### What the task requires
Leaving out all pictures, write down exactly the lines from the one containing "Celebre con estilo" through the last line of the material.

### The data
##############################

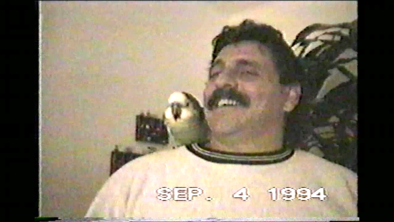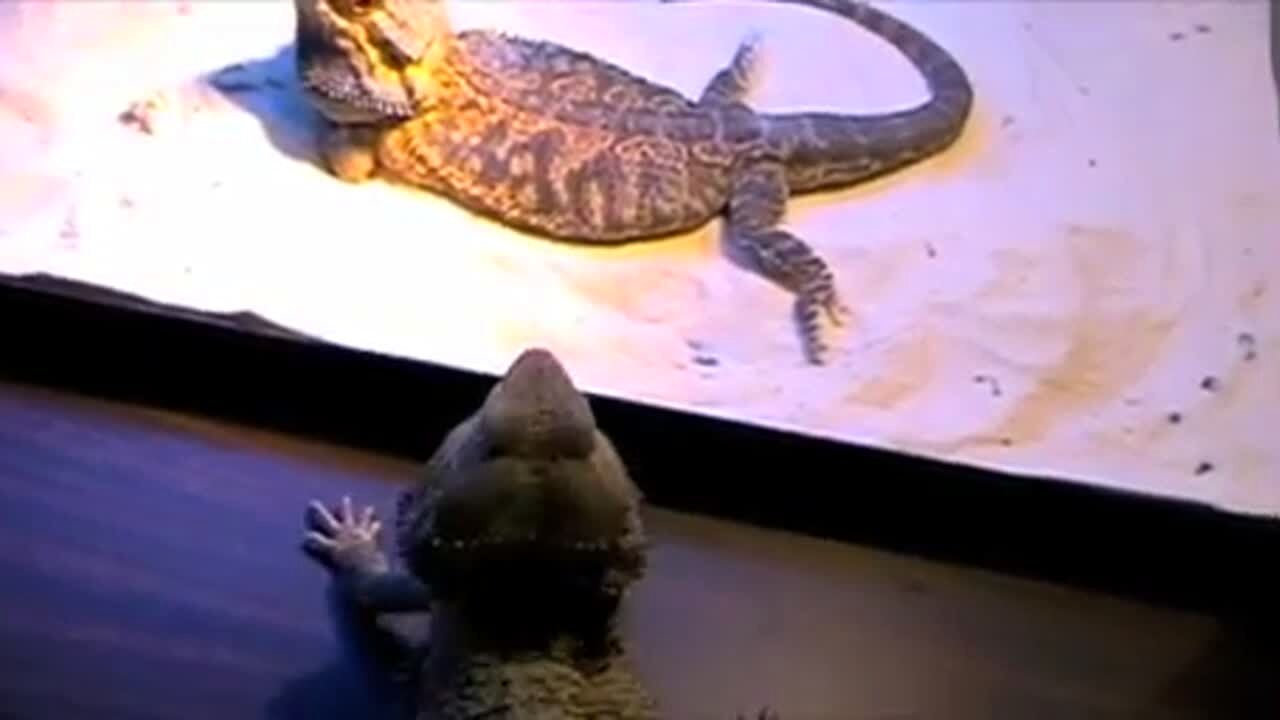 Bearded lizard sits on table & looks at female lizard inside cage and goes crazy hitting his feet on the table.
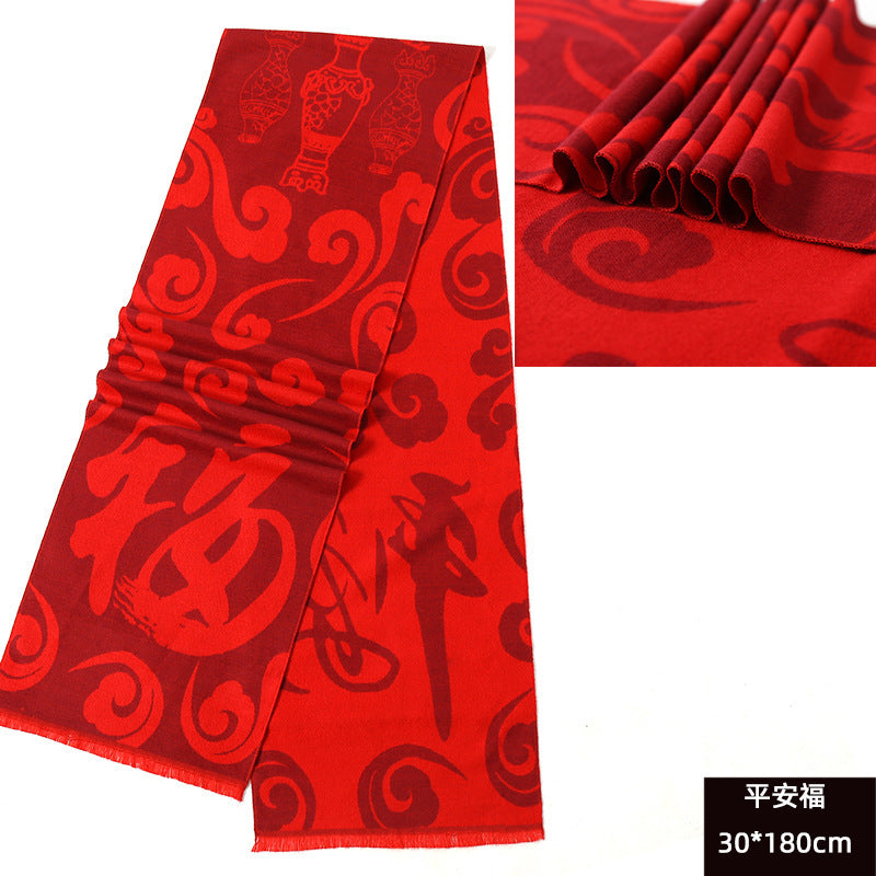 Celebre con estilo y tradición con esta elegante bufanda roja con un hermoso motivo bordado "福" (Bendición). Perfecta para fiestas corporativas de fin de año, ocasiones festivas y como regalo memorable, esta bufanda combina armoniosamente simbolismo cultural y calidez funcional. Su vibrante color rojo simboliza prosperidad y alegría, ideal para crear un ambiente festivo y estimulante. Elaborada con materiales de alta calidad, esta bufanda no solo representa buena fortuna, sino que también ofrece comodidad y durabilidad.
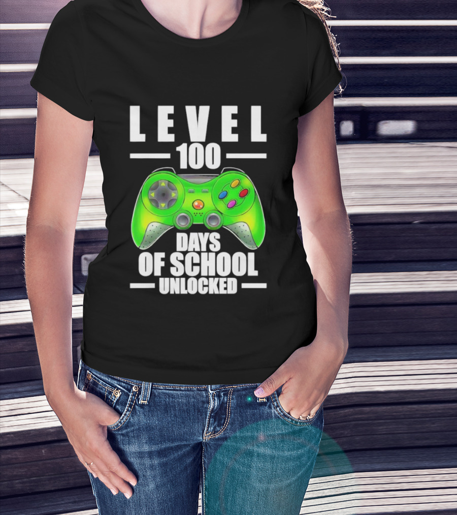 LEVEL 100 DAYS OF SCHOOL UNLOCKED GAMING CONTROLLER T-Shirt

##############################

### Solution to this task
 Celebre con estilo y tradición con esta elegante bufanda roja con un hermoso motivo bordado "福" (Bendición). Perfecta para fiestas corporativas de fin de año, ocasiones festivas y como regalo memorable, esta bufanda combina armoniosamente simbolismo cultural y calidez funcional. Su vibrante color rojo simboliza prosperidad y alegría, ideal para crear un ambiente festivo y estimulante. Elaborada con materiales de alta calidad, esta bufanda no solo representa buena fortuna, sino que también ofrece comodidad y durabilidad.
 LEVEL 100 DAYS OF SCHOOL UNLOCKED GAMING CONTROLLER T-Shirt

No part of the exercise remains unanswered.